35-10-702. Effect of registration -- entity unchanged. (1) A partnership that has registered under 35-10-701 is for all purposes of the laws of this state, including but not limited to all licensing laws, whether for professionals or otherwise, the same entity that existed before the registration.
(2) When registration of a partnership under 35-10-701 takes effect:
(a) all tangible and intangible property, whether real or personal, owned by the partnership remains vested in the partnership;
(b) all debts, obligations, or liabilities of and chargeable to the partnership continue as debts, obligations, or liabilities of the partnership; and
(c) any actions or proceedings pending by or against the partnership may be continued as if the registration under 35-10-701 had not occurred.
(3) If a partnership dissolves and its business continues without liquidation of the partnership affairs, the registration of the limited liability partnership must be considered continued and must continue to be applicable to the partnership continuing the business.
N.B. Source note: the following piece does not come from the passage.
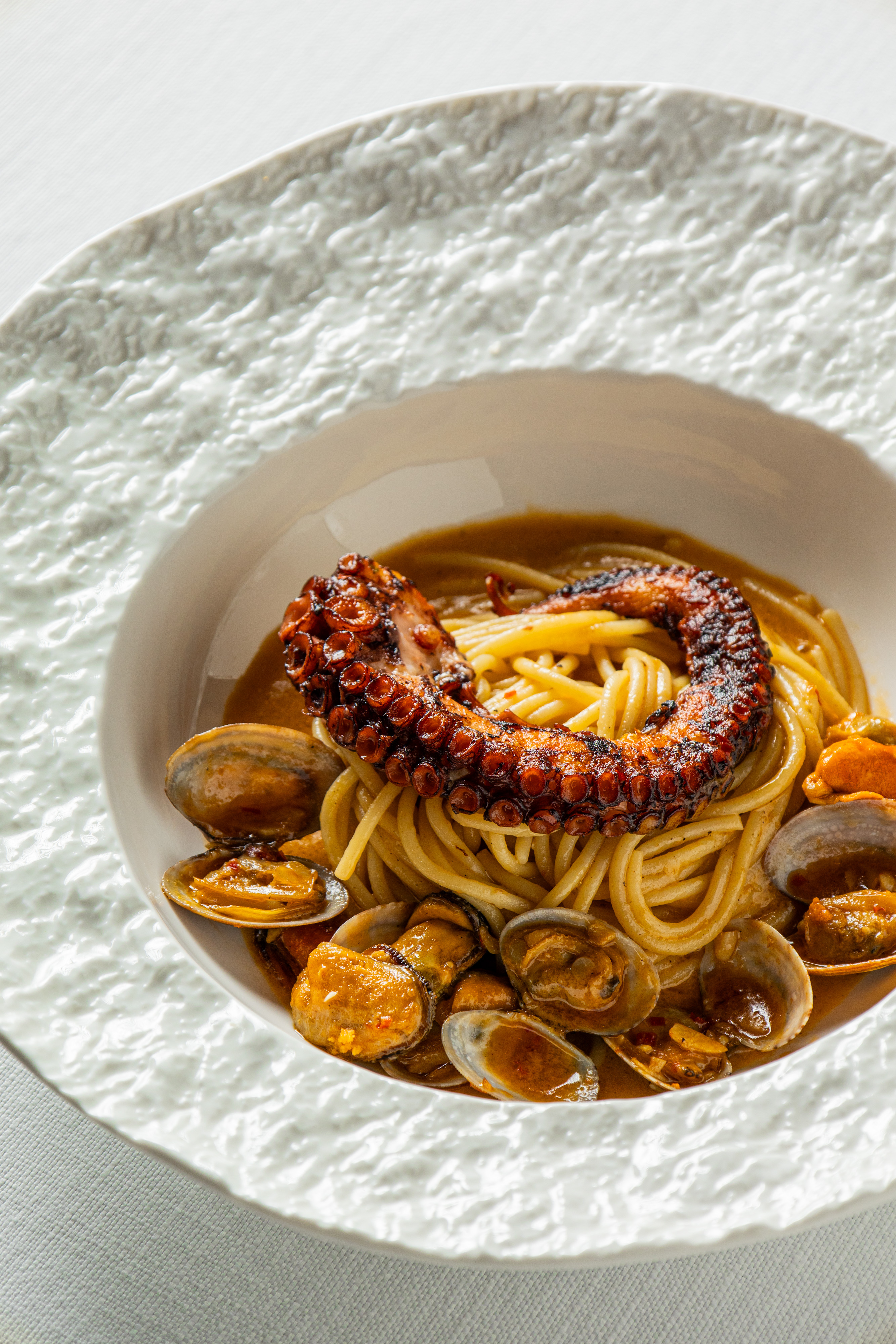 Ресторан Historia представил масштабное обновление меню. Основное внимание уделено блюдам из морепродуктов, которые сочетаются с овощами, цитрусами, ягодами и пряными соусами. В разделе закусок появились салат с крабом, авокадо и клубникой (1650 ₽), севиче из гребешка с цветной капустой и маринованным имбирём (1650 ₽) и стейк-салат с пастернаком и дайконом (1950 ₽). Среди горячих блюд — филе сибаса на гриле с корочкой том ям и кремом из цветной капусты (2150 ₽), филе дорадо с фисташковым соусом и шпинатом (1850 ₽) и осьминог на гриле с томатами и соусом ромеско (1690 ₽). Раздел паст и круп пополнили спагетти с осьминогом, вонголе и мидиями (1850 ₽), лингвини со страчателлой и щучьей икрой (1490 ₽) и свекольное ризотто с кальмарами и козьим сыром (1150 ₽).

The partnership continuing the business is considered to have filed any documents required or permitted under this section that were filed by the dissolved partnership. The partnership continuing the business shall renew its registration at the time the dissolved partnership would have been required to file an application for renewal pursuant to Title 30, chapter 13, part 2.
(4) If a partnership dissolves, winds up its affairs, and liquidates, the registration of the limited liability partnership must be considered continued and must remain in effect as to the partnership and the partners during the period of dissolution, winding up, and liquidation and as to the partners subsequent to dissolution, winding up, and liquidation as to debts, obligations, or liabilities for which a partner was not personally liable under 35-10-307 or 35-10-629.
History: En. Sec. 19, Ch. 449, L. 1995.